A Ball ESPN Couldn't Afford To Drop
Yes, it paid plenty for Monday Night Football, but the NFL deal may keep potential rivals at bay

The NFL's new deal with NBC and ESPN has gotten more spin than the teacup ride at Disney World. But while snagging the Sunday night game may have been a smart move for NBC, was it really such a coup for Walt Disney Co.'s (DIS ) ESPN to pony up a $1.1 billion a year for the 36-year-old Monday Night Football franchise?


In replacing ABC, the ubiquitous sports network is paying about twice what its sister company had been shelling out for a prime-time show that may be past its prime. And the new deal is nearly twice the $600 million a year ESPN had been paying to carry games on Sunday night.

ESPN, however, points out that it also gets rights to wireless and Spanish-language telecasts. And Merrill Lynch (MER ) analyst Jessica Reif Cohen figures that because of the dual revenue streams of ads and subscriber fees, football could generate operating profits of $100 million to $200 million a year for ESPN, vs. a $150 million-a-year loss for ABC.

Still, forking over all that loot for only 17 regular-season games -- even if you do get John Madden and Al Michaels in the broadcast booth -- is enough to give any TV executive agita.

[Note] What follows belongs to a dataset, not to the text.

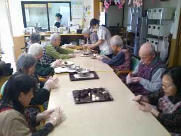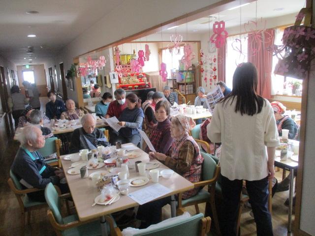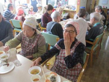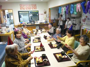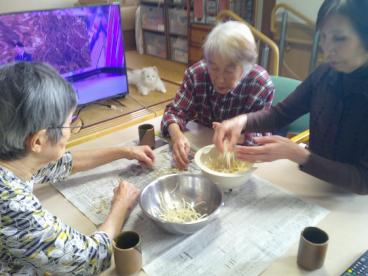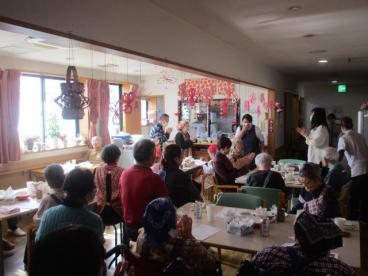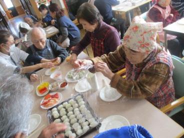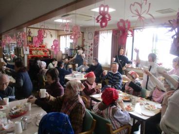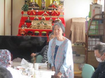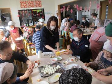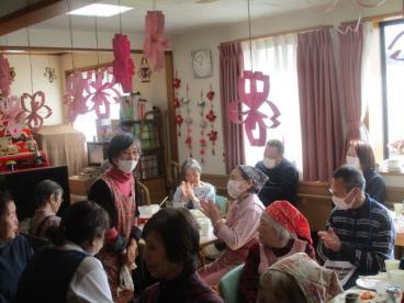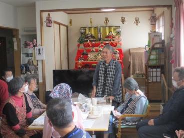 今年の雛祭りイベントは、ご家族やご友人、自治会会長や老人会会長をはじめ、民生委員さんや成年後見人さん、厚木市地域包括ケア推進課職員さんや近隣のケアマネジャーさん、newフェイスではツクイと業務提携しているSOYOKAZEの相談員さんらをお招きし、一緒にてまり寿司を作りお祝い会を行いました。その後、運営推進会議を開催し、ご家族や地域の方とともに、お客様からも広くご意見を頂きました。

But ESPN had little choice. That's because cable giant Comcast Corp. (CMCSA ) and Rupert Murdoch's Fox Sports (NWS ) -- each interested in using Sunday or Monday night games to launch their own sports channels -- made aggressive overtures to the NFL. Getting the rights to the NFL in prime time, as opposed to the Sunday afternoon games Fox already has, was the key to a new network, Murdoch said recently. Fox even offered the league an equity stake in its proposed enterprise, BusinessWeek has learned.

And there was another reason ESPN could not afford to lose pro football, the most widely watched TV sport and one of the last draws for a mass audience. "ESPN needed to keep the NFL if it was to enhance its position to dictate terms to cable operators," says sports broadcast consultant Marc Ganis, president of Sportscorp Ltd. There is already resistance to the per-subscriber rate of about $2.50 a month ESPN charges its distributors, the highest in the biz (CNN (TWX ), by contrast, gets about 40 cents per subscriber).

ANOTHER AUCTION 
Even though ESPN secured the NFL as a bargaining chip, Comcast and News Corp. (NWS ) may still be looking to launch sports channels of their own. It wouldn't be a from-scratch proposition for either. Both companies run cash-rich regional sports networks and have plenty of local rights deals. With a national service, Comcast and Murdoch's 34%-owned DirecTV Group Inc. (DTV ) satellite service could face down ESPN's demands for higher rates, figures Richard Greenfield, an analyst at Fulcrum Global Partners.

The duo may still get another chance. Within weeks, the NFL is expected to auction off a new package of seven games on Thursday and Saturday nights. ESPN's best hope is that the league decides to take the package itself to enhance its two-year old NFL Network cable channel. Otherwise, ESPN may still find itself in a game it doesn't want to play.